Outsourcing takes place when an organization transfers the ownership of a business process to a supplier. The key to this definition is the aspect of transfer of control. This definition differentiates outsourcing from business relationships in which the buyer retains control of the process or, in other words, tells the supplier how to do the work. It is the transfer of ownership that defines outsourcing and often makes it such a challenging, painful process. In outsourcing, the buyer does not instruct the supplier how to perform its task but, instead, focuses on communicating what results it wants to buy; it leaves the process of accomplishing those results to the supplier.

Outsourcing is defined as the "the process of transferring an existing business function, including the relevant physical and/or human assets, to an external provider in order to strategically use outside resources to perform activities previously handled in-house."

Outsourcing involves transferring a significant amount of management control and decision-making to the outside supplier. Buying products from another entity is not outsourcing or out-tasking, but merely a vendor relationship. Likewise, buying services from a provider is not necessarily outsourcing or out-tasking. Outsourcing always involves a considerable degree of two-way information exchange, coordination, and trust.

Organizations that deliver such services feel that outsourcing requires the turning over of management responsibility for running a segment of business. In theory, this business segment should not be mission-critical, but practice often dictates otherwise. Many companies look to employ expert organizations in the areas targeted for outsourcing. Business segments typically outsourced include information technology, human resources, facilities and real estate management, and accounting. Many companies also outsource customer support and call center functions, manufacturing and engineering. Outsourcing business is often characterized by expertise not inherent to the core of the client organization.

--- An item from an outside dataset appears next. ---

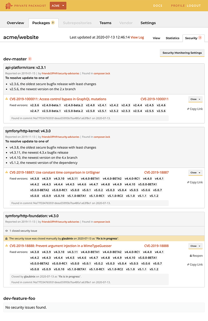 Private Packagist alerts you when security vulnerabilities are reported for Composer dependencies in your projects.

The overhead costs of customer service are typically less where outsourcing has been used, leading to many companies, from utilities to manufacturers, closing their in-house customer relations departments and outsourcing their customer service to third party call centers. The logical extension of these decisions was of outsourcing labor overseas to countries with lower labor costs, this trend is often referred to as offshoring of customer service.

Due to this demand, call centers have sprung up in Canada, China, Eastern Europe, India, Sri Lanka, Israel, Ireland, Pakistan, Philippines, Uruguay and even the Caribbean.

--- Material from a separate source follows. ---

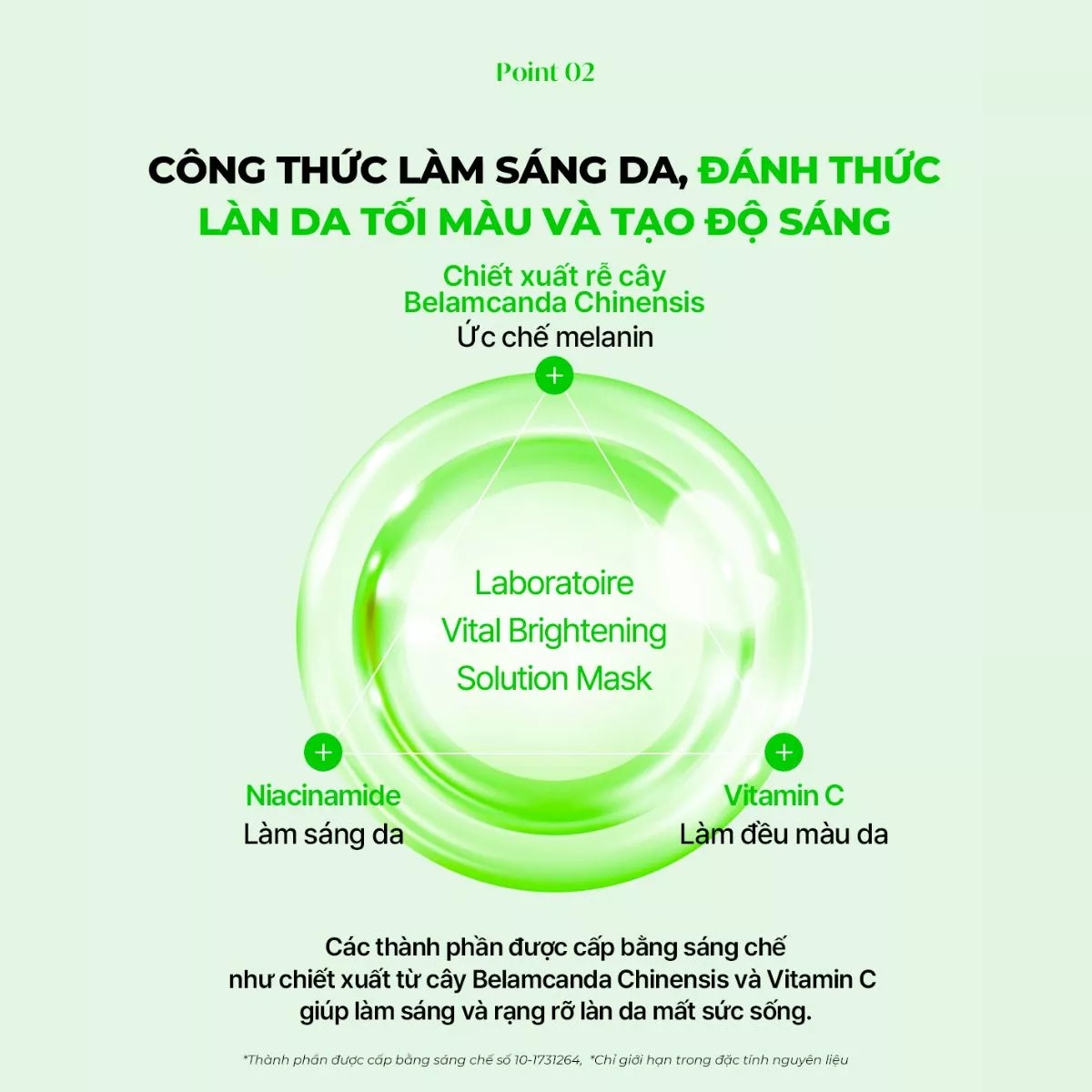 ✦ Kết hợp chiết xuất Xạ can – dưỡng trắng dịu nhẹ, phục hồi da sau tổn thương UV và môi trường.

Many companies, most notably Dell, have gained significant negative publicity for their decisions to use outsourced labor for customer service and technical support. One of the most prominent customer complaints is that the outsourced staff deliver a lower quality of service to customers. A prominent business complaint is that outsourcing only offers an industry average cost structure, potentially reducing competitive advantage.

A related term is out-tasking: turning over a narrowly-defined segment of business to another business, typically on an annual contract, or sometimes a shorter one. This usually involves continued direct or indirect management and decision-making by the client of the out-tasking business. Out-tasking other than business process outsourcings (BPO) doesn't mean outsourcing of a whole process but of elements of processes. This enables businesses to maintain stronger process control. Mostly digitalizable jobs such as data entry, internet based research, technical writing, proofreading and graphic design are out-tasked.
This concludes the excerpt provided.